▶ **About this task**
Span requested from the data below: the line with "Cnth Format Surat" through the line with "激光熔覆液压支架立柱防腐耐磨涂层研究进展", both included. Give only these lines again, exactly, and leave every picture out.

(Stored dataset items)
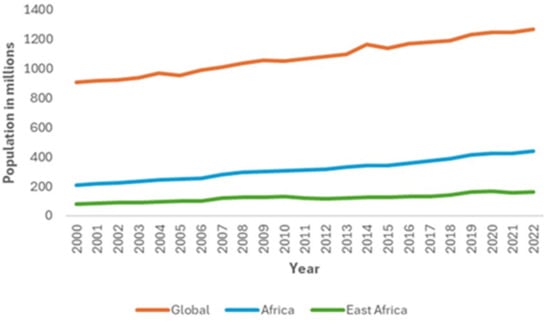 According to [24], the global goat population has shown a steady increase to the current estimate of over 1269 million goats in 2022 from 907 million in 2000. The overall goat population for the African region has also shown an increasing trend, which reached its highest point in 2022. Africa accounts for approximately 34% (440 million) of the global goat population, while East Africa accounts for 36.6% (161 million) of the total goat population in Africa (Figure 2).
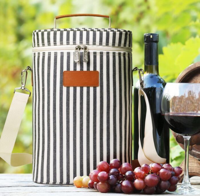 Logo personalizzato a righe picnic viaggio campeggio 2 bottiglie termiche per vino borsa tote termica borsa termica portatile per vino
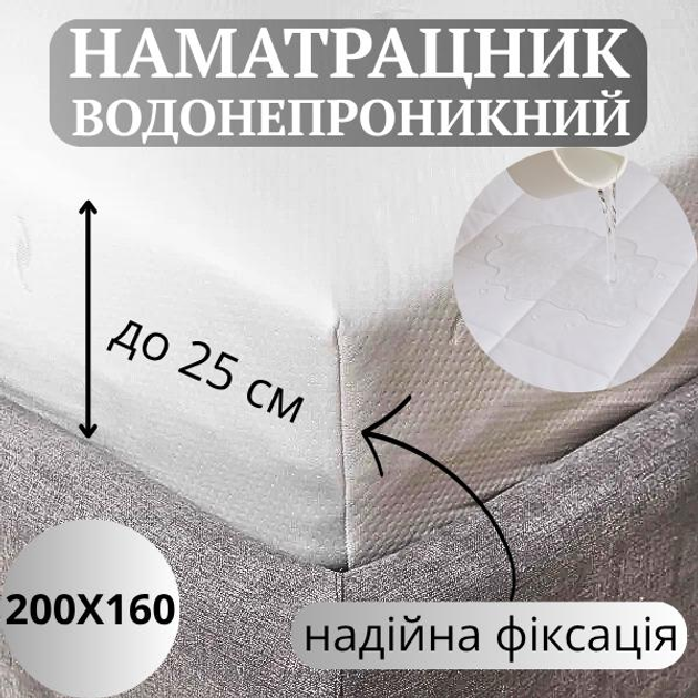 Наматрацник Водонепроникний 200х160х25 Viluta Waterproof полуторний трикотажний з бортами 25 см
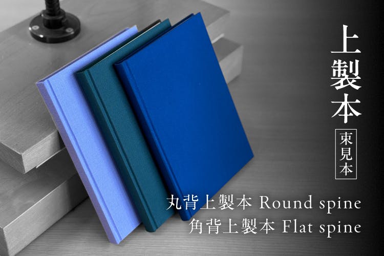 本の背の部分に丸みがある製本装幀が「丸背上製本」で頁数が多い本に使われやすい製本仕様です。
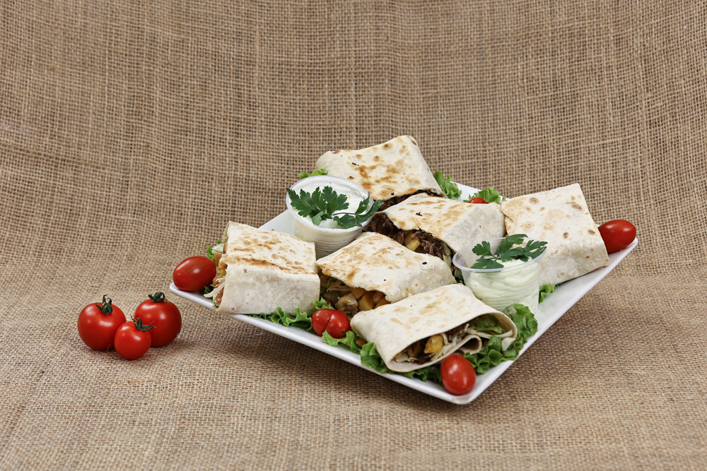 Tortilha do Dovah Massas de shawarma fritas. Acompanha costela, maionese, creme de alho, vinagrete e barbecue.
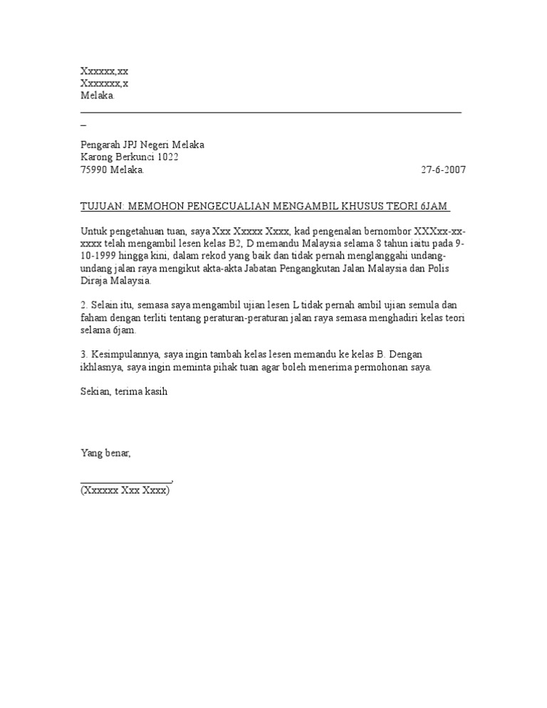 Cnth Format Surat Pelepasan L Utk Belajar Lesen B Pdf
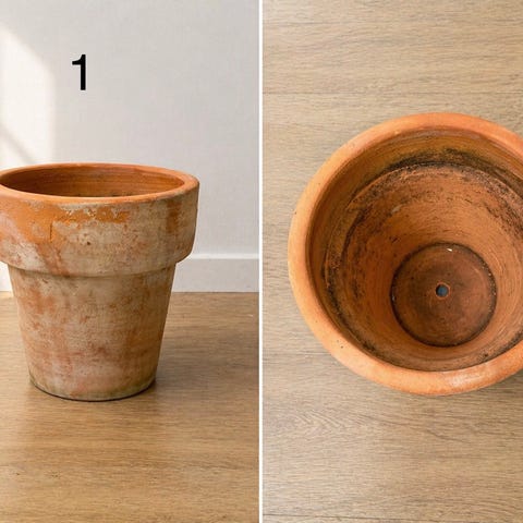 Terrakottakruka med fat. Höjd 15cm, diameter 15cm. Hämtas i Vasastan mot swish betalning.
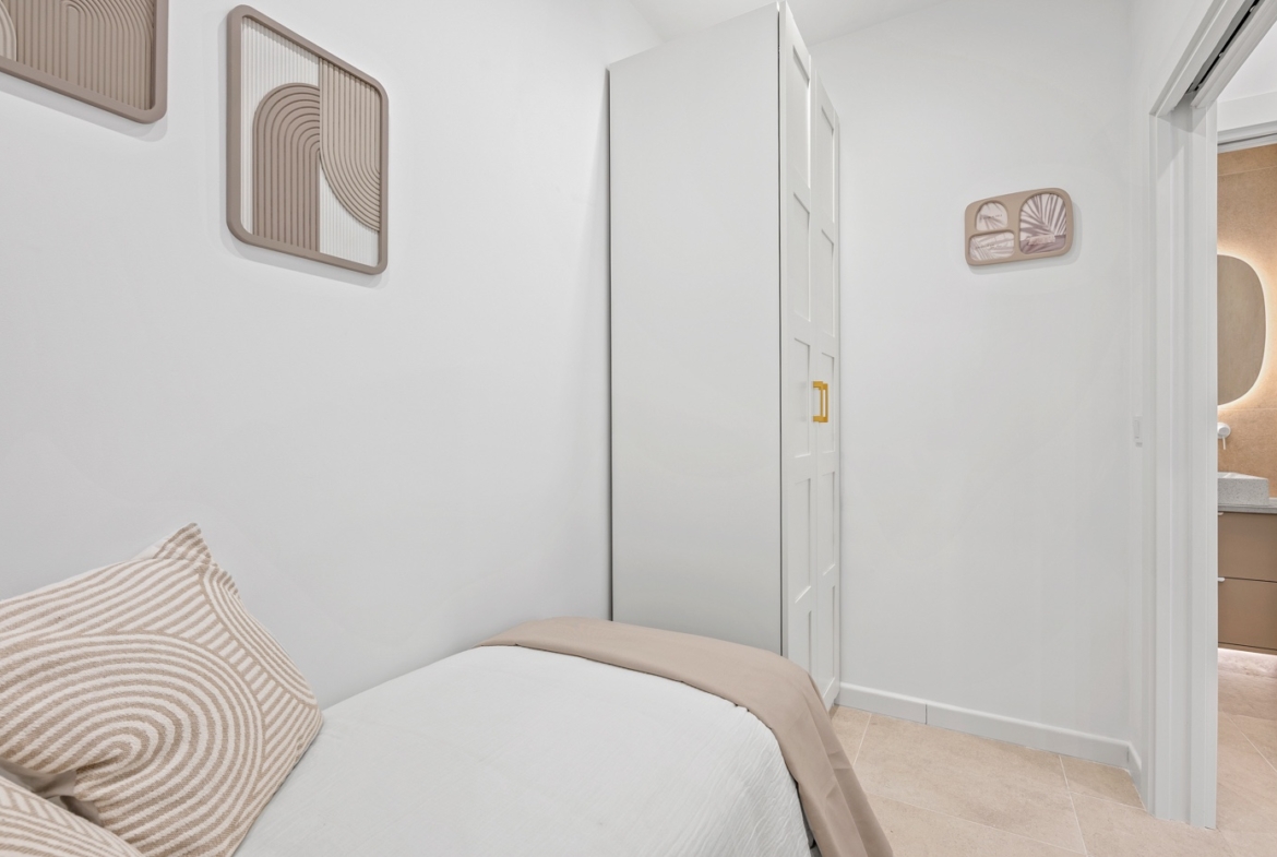 Išplanavimą sudaro 2 miegamieji, pilnas vonios kambarys bei jauki atviro plano svetainė-valgomasis su pilnai įrengta integruota virtuve. Virtuvė sujungta su svetaine, taip sukuriant funkcionalią ir svetingą erdvę, idealiai tinkančią kasdieniam gyvenimui. Svetainė tiesiogiai jungiasi su privačia terasa, o dideli langai užtikrina puikią natūralią šviesą visą dieną.
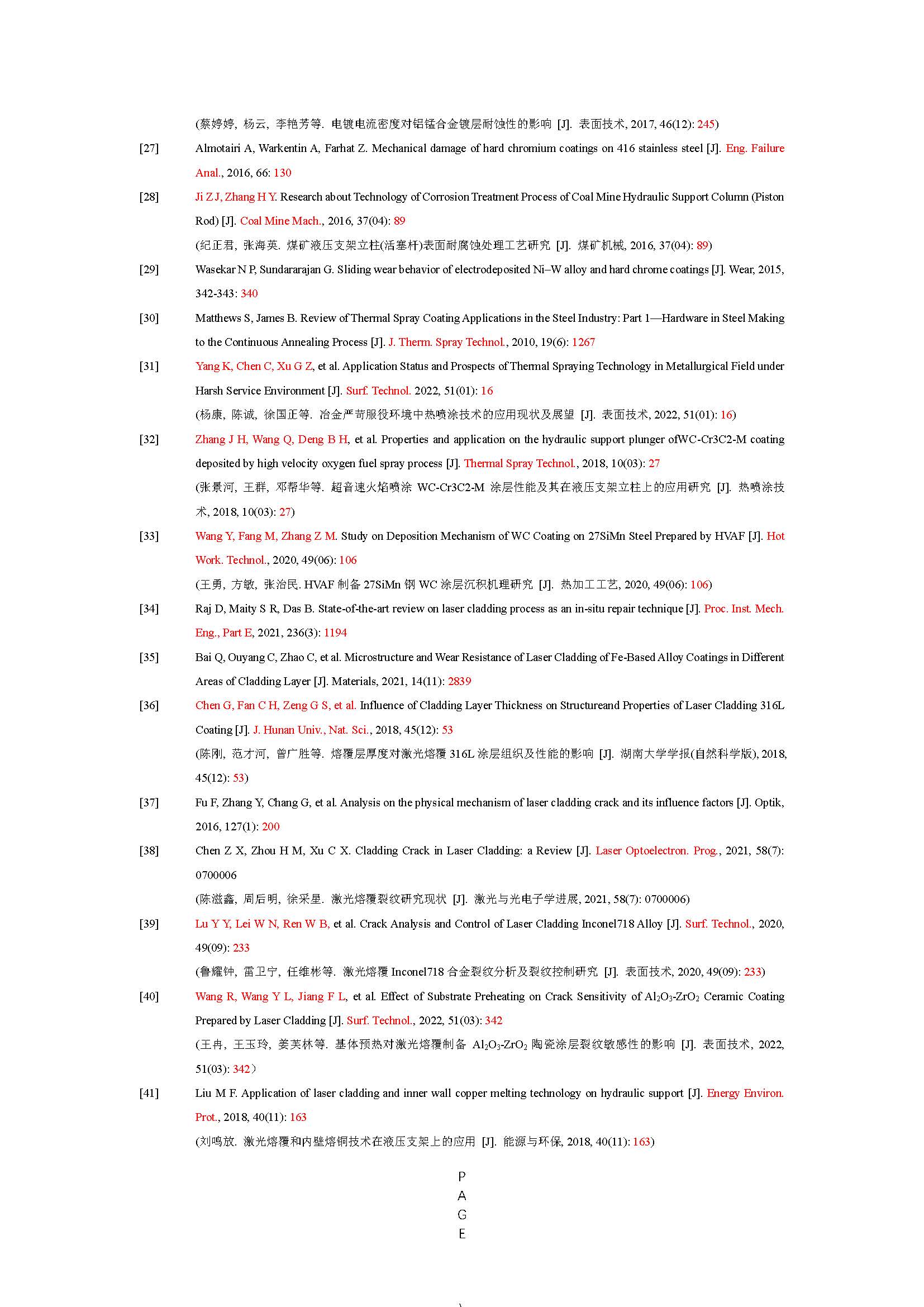 激光熔覆液压支架立柱防腐耐磨涂层研究进展
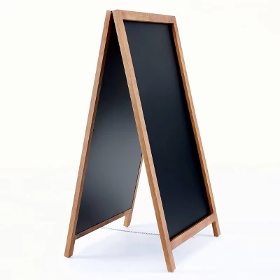 Command instant attention, especially on crowded sidewalks and busy streets. Designed for extreme durability, the solid pine framed chalkboard weighs nearly 20 lbs, 1.5x heavier than similar chalkboards, preventing damage by strong wind or accidental bumps on crowded streets. Weather resistant frames are coated with waterproof wood sealant to resist harsh conditions including rain, snow, and extreme temperatures. Plastic feet provide extra stability on uneven surfaces and prevent the chalkboard standing sign from scratching floors. Guaranteed never to ghost or stain when used with VersaChalk liquid chalk markers.
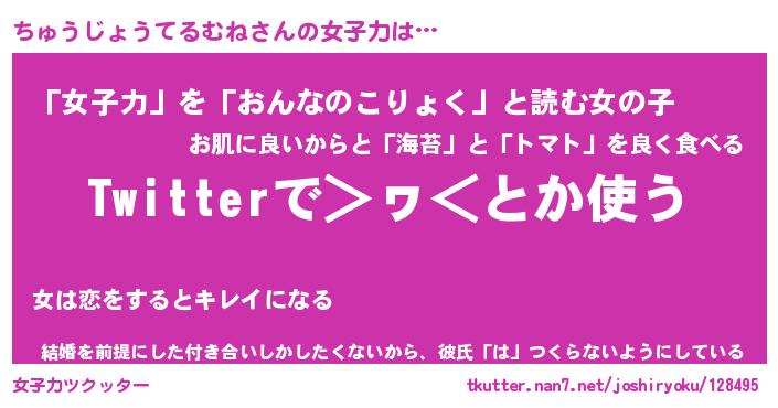 | 男性向けラノベタイトル風あだ名 | 『ちゅうじょうてるむねの憂鬱』 |
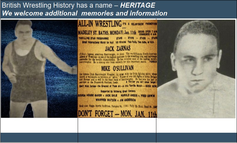 Our earliest documented sighting of Mike O’Sullivan was in January, 1934, when he substituted for Vic Coleman at the Brunswick Stadium in Huddersfield when he was outclassed by Douglas Clark, losing by two falls to nil. We did, though, find two unverified matches in 1933, both in London, which might be significant as an unconfirmed newspaper report said that he was born in the capital. A later unconfirmed report gives Manchester as his place of residence. At some point he married a girl from Sunderland and was stationed in the North East after being called up to the Army during World War Two and billed as a Sergeant in 1941.
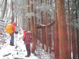 | 早朝六時に川合に集合して、車二台を虻トンネル観音峰登山口にデポして、一台5人で母公堂、稲村登山口に移動した 小雨か粉雪か分からない空模様、約1時間天気の様子を見る。 行けると判断したショウタンリーダーは、登山準備をメンバーに伝える 登山開始は目的より約30分遅い7時36分に成った ![]() メンバーは炉端山友会の中でも経験豊かなパワーウーマン四人と私、リーダーは一番体力が無い私 立ち休憩はするが、法力峠、マンモス象の立ち木とドンドンと登る 登山道は雪も少ない、 先日来の雨と暖かさが雪を溶かしたのだろうが、登れば上るほど道が凍り、後50mの橋崩落付近は完全に氷り、アイゼン着用は自己判断で二名が装着した。 |
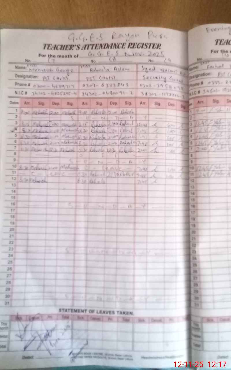 | CNIC | Full Name | Designation | R/C | Absence During Last Calender Month |

▶ **Answer section**
 Cnth Format Surat Pelepasan L Utk Belajar Lesen B Pdf
 Terrakottakruka med fat. Höjd 15cm, diameter 15cm. Hämtas i Vasastan mot swish betalning.
 Išplanavimą sudaro 2 miegamieji, pilnas vonios kambarys bei jauki atviro plano svetainė-valgomasis su pilnai įrengta integruota virtuve. Virtuvė sujungta su svetaine, taip sukuriant funkcionalią ir svetingą erdvę, idealiai tinkančią kasdieniam gyvenimui. Svetainė tiesiogiai jungiasi su privačia terasa, o dideli langai užtikrina puikią natūralią šviesą visą dieną.
 激光熔覆液压支架立柱防腐耐磨涂层研究进展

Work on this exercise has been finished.